In the draft design paper it says:

"There are a few aspects to a method call that can not be shown in a simple 
assignment statement like the ones shown above.

    There is no way to specify that a method does not return any values.
    There is no way to specify that a method takes variadic arguments.
    There is no way to distinguish a method call from a call of a struct 
field with function type.

When a contract needs to describe one of these cases, it can use a type 
conversion to an interface type. The interface type permits the method to 
be precisely described. If the conversion to the interface type passes the 
type checker, then the type argument must have a method of that exact type."
 
I don't know whether anyone has suggested this before but why not disallow 
direct method calls on a contract's type arguments altogether and force 
people to use interfaces instead?

If there were no suitable pre-existing interface, one could simply nest an 
anonymous interface within the contract itself and use that for the 
conversion.

The advantages would be:

1. It would always be clear to someone reading the contract what the 
method's precise signature was.

2. A contract writer wouldn't need to think up an arbitrary expression or 
statement to describe a method's signature (sometimes imperfectly). There'd 
only be one way to do it which he/she would already know about.

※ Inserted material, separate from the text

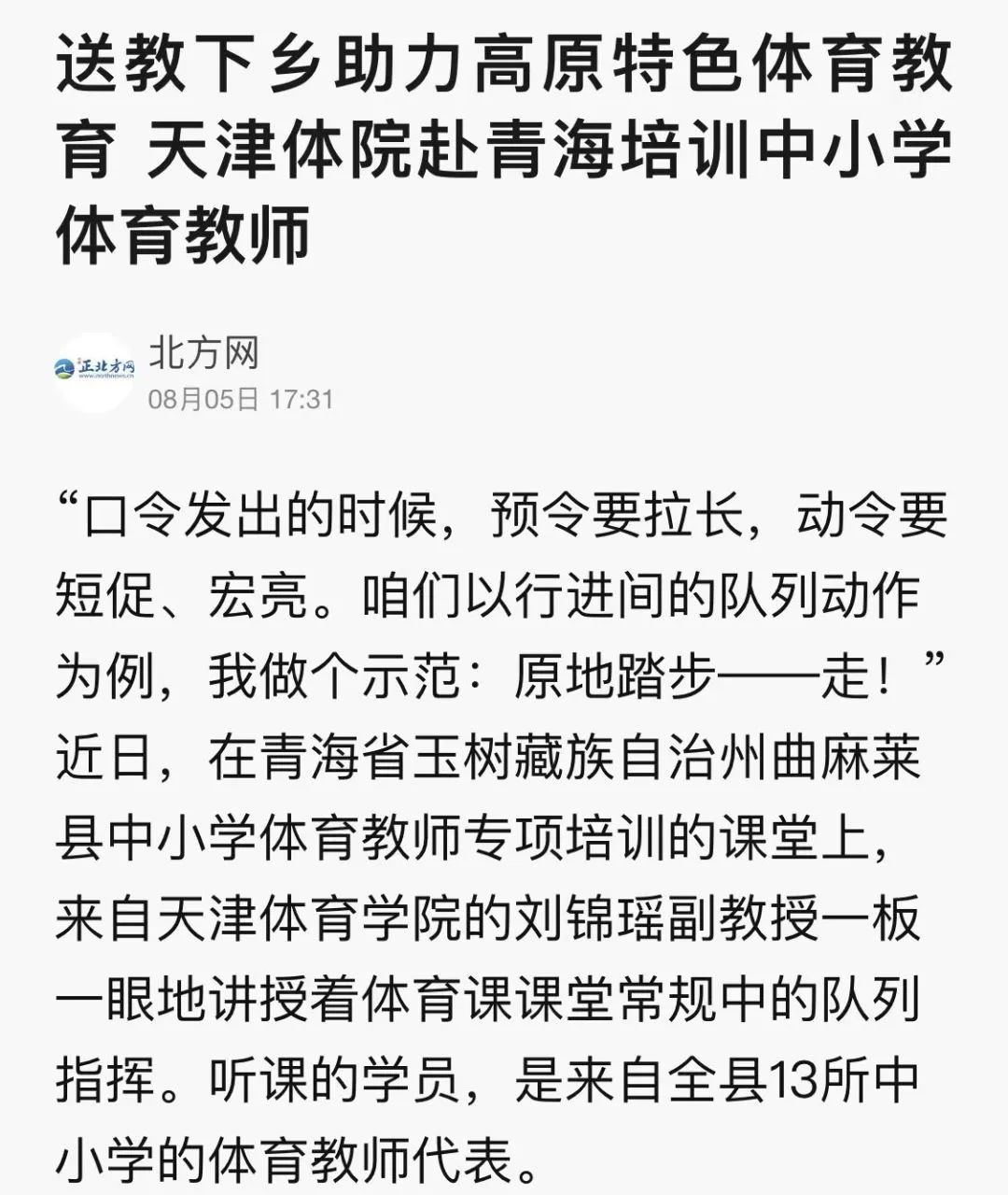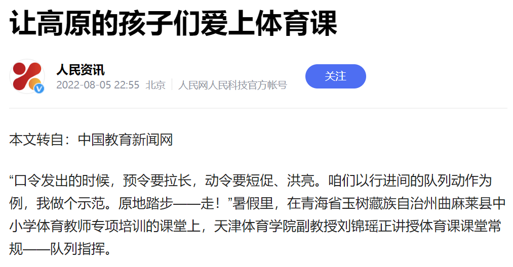 日前,万象城教师赴青海省玉树藏族自治州曲麻莱县,为当地中小学体育教师开展专项培训。包括人民网、中国教育新闻网、天津日报新媒体、北方网、津云、天津教育报新媒体等在内的中央和我市多家媒体,对此进行了报道。
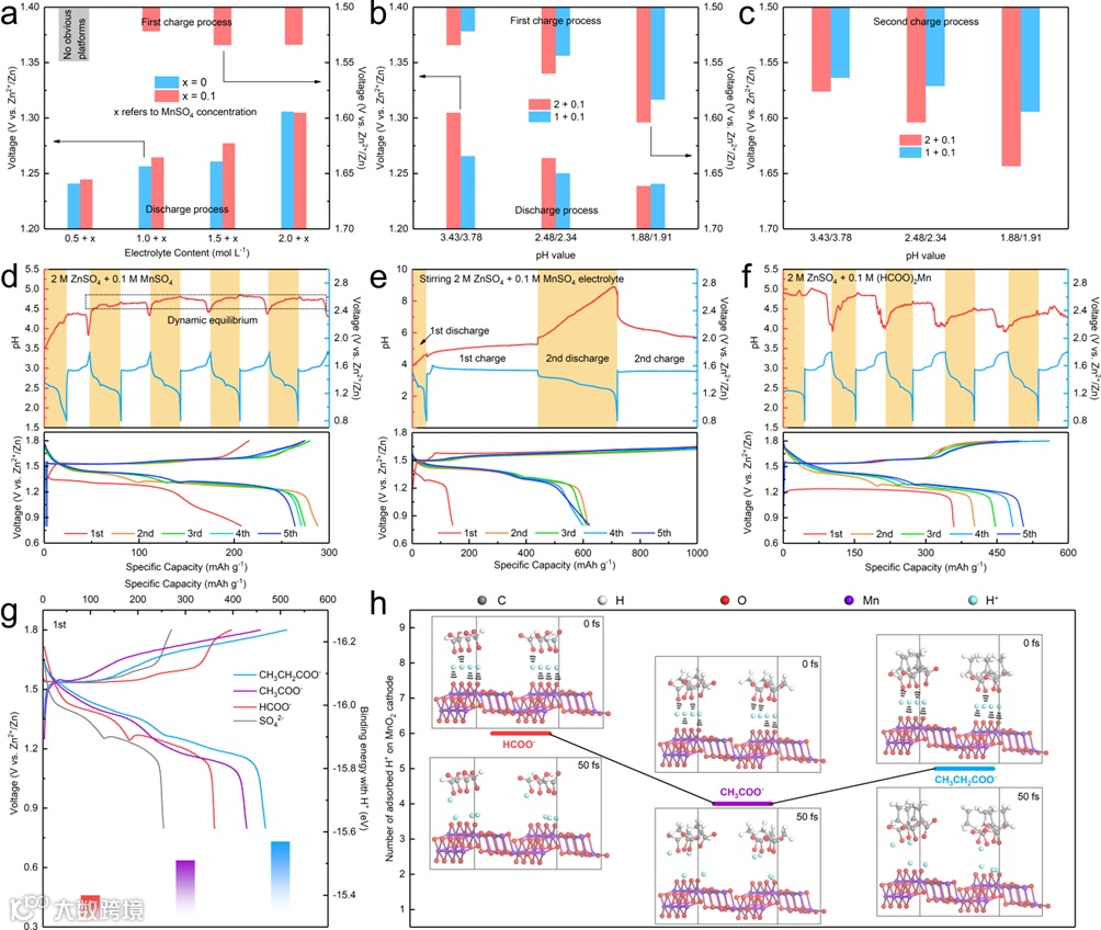 图2. 电解液离子浓度对电化学行为的影响。(a)0.5/1.0/1.5/2.0 M ZnSO4+0/0.1 M MnSO4和(b)1.0/2.0 M ZnSO4+0.1 M MnSO4+H2SO4中第一个充电和放电平台的电压。c)1.0/2.0 M ZnSO4+0.1 M MnSO4+H2SO4中第二充电平台的电压。(d)静态和(e)搅拌2 M ZnSO4+0.1 M MnSO4和(f)静态2 M ZnSO4+0.1 M (HCOO)2Mn电解质中正极附近的原位pH检测。g)不同羧酸阴离子下的充放电曲线以及与H+的相应结合能。h)含有不同的羧酸阴离子的电解质中界面H+吸附模拟。

3. The compiler wouldn't need to make any inferences from the way a method 
was used what it's signature was.

The disadvantages would be:

1. It would be slightly more verbose to wrap the allowable methods in an 
interface.

2. The compiler would need to check that there were no direct method 
invocations on the type parameters within the contract body and flag an 
error if there was.

IMO the advantages easily outweigh the disadvantages.

What has become the "hello world" of generic contract programming would now 
become:

contract Graph(n Node, e Edge) {
    interface {
        Edges() []Edge
    }(n)
    interface() {
        Nodes() (Node, Node)
    }(e)
}

Now it's true that you'd still not be able to distinguish a pointer method 
from a value method using this approach. However, this probably wouldn't 
matter in the majority of cases and, if it did, then you could use a 
similar trick to that used in the draft to specify a value method.